Material provided:
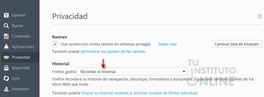 Ve al menú Editar → Preferencias (Linux) o Herramientas → Opciones (Windows), pestaña Privacidad. En el apartado Historial, despliega la lista y elige la opción "Recordar el historial".
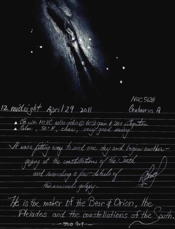 The first object is called Centaurus A. It is a most unusual galaxy from our vantage point. I made the sketch in a notebook (black pencil on white paper) but inverted the image and observing sheet that you see below.
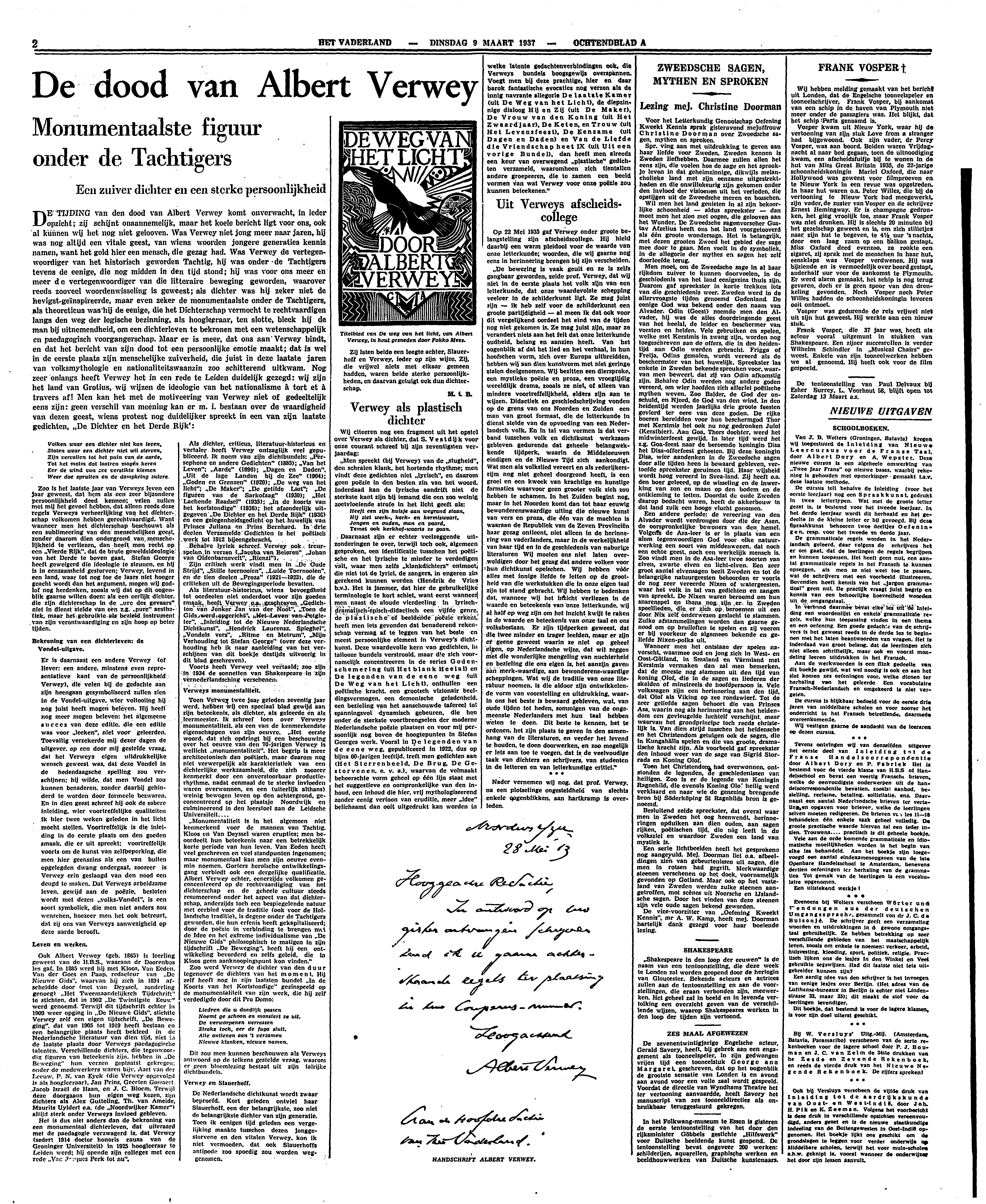 DE TIJDING van den dood van Albert Verwey komt onverwacht, in ieder opzicht; zij schijnt onaannemelijk, maar het koele bericht ligt voor ons, ook al kunnen wij het nog niet gelooven. Was Verwey niet jong meer naar jaren, hij was nog altijd een vitale geest, van wiens woorden jongere generaties kennis namen, want het gold hier een mensch, die gezag had. Was Verwey de vertegenwoordiger van het historisch geworden Tachtig, hij was onder de Tachtigers tevens de eenige, die nog midden in den tijd stond; hij was voor ons meer en meer de vertegenwoordiger van die litteraire beweging geworden, waarover reeds zooveel woordenwisseling is geweest; als dichter was hij zeker niet de hevigst-geïnspireerde, maar even zeker de monumentaalste onder de Tachtigers, als theoreticus was hij de eenige, die het Dichterschap vermocht te rechtvaardigen langs den weg der logische bezinning, als hoogleeraar, ten slotte, bleek hij de man bij uitnemendheid, om een dichterleven te bekronen met een wetenschappelijk en paedagogisch voorgangerschap. Maar er is meer, dat ons aan Verwey bindt, en dat het bericht van zijn dood tot een persoonlijke emotie maakt; dat is wel in de eerste plaats zijn menschelijke zuiverheid, die juist in deze laatste jaren van volksmythologie en nationaliteitswaanzin zoo schitterend uitkwam. Nog zeer onlangs heeft Verwey het in een rede te Leiden duidelijk gezegd: wij zijn het land van Grotius, wij wijzen de ideologie van het nationalisme à tort et à travers af! Men kan het met de motiveering van Verwey niet of gedeeltelijk eens zijn: geen verschil van meening kan er m.i. bestaan over de waardigheid van dezen geest, wiens protest nog duidelijker spreekt in een van zijn laatste gedichten, ‘De Dichter en het Derde Rijk’:

What is required: Repeat the listing verbatim without its pictures.

Solution to the problem:
 Ve al menú Editar → Preferencias (Linux) o Herramientas → Opciones (Windows), pestaña Privacidad. En el apartado Historial, despliega la lista y elige la opción "Recordar el historial".
 The first object is called Centaurus A. It is a most unusual galaxy from our vantage point. I made the sketch in a notebook (black pencil on white paper) but inverted the image and observing sheet that you see below.
 DE TIJDING van den dood van Albert Verwey komt onverwacht, in ieder opzicht; zij schijnt onaannemelijk, maar het koele bericht ligt voor ons, ook al kunnen wij het nog niet gelooven. Was Verwey niet jong meer naar jaren, hij was nog altijd een vitale geest, van wiens woorden jongere generaties kennis namen, want het gold hier een mensch, die gezag had. Was Verwey de vertegenwoordiger van het historisch geworden Tachtig, hij was onder de Tachtigers tevens de eenige, die nog midden in den tijd stond; hij was voor ons meer en meer de vertegenwoordiger van die litteraire beweging geworden, waarover reeds zooveel woordenwisseling is geweest; als dichter was hij zeker niet de hevigst-geïnspireerde, maar even zeker de monumentaalste onder de Tachtigers, als theoreticus was hij de eenige, die het Dichterschap vermocht te rechtvaardigen langs den weg der logische bezinning, als hoogleeraar, ten slotte, bleek hij de man bij uitnemendheid, om een dichterleven te bekronen met een wetenschappelijk en paedagogisch voorgangerschap. Maar er is meer, dat ons aan Verwey bindt, en dat het bericht van zijn dood tot een persoonlijke emotie maakt; dat is wel in de eerste plaats zijn menschelijke zuiverheid, die juist in deze laatste jaren van volksmythologie en nationaliteitswaanzin zoo schitterend uitkwam. Nog zeer onlangs heeft Verwey het in een rede te Leiden duidelijk gezegd: wij zijn het land van Grotius, wij wijzen de ideologie van het nationalisme à tort et à travers af! Men kan het met de motiveering van Verwey niet of gedeeltelijk eens zijn: geen verschil van meening kan er m.i. bestaan over de waardigheid van dezen geest, wiens protest nog duidelijker spreekt in een van zijn laatste gedichten, ‘De Dichter en het Derde Rijk’:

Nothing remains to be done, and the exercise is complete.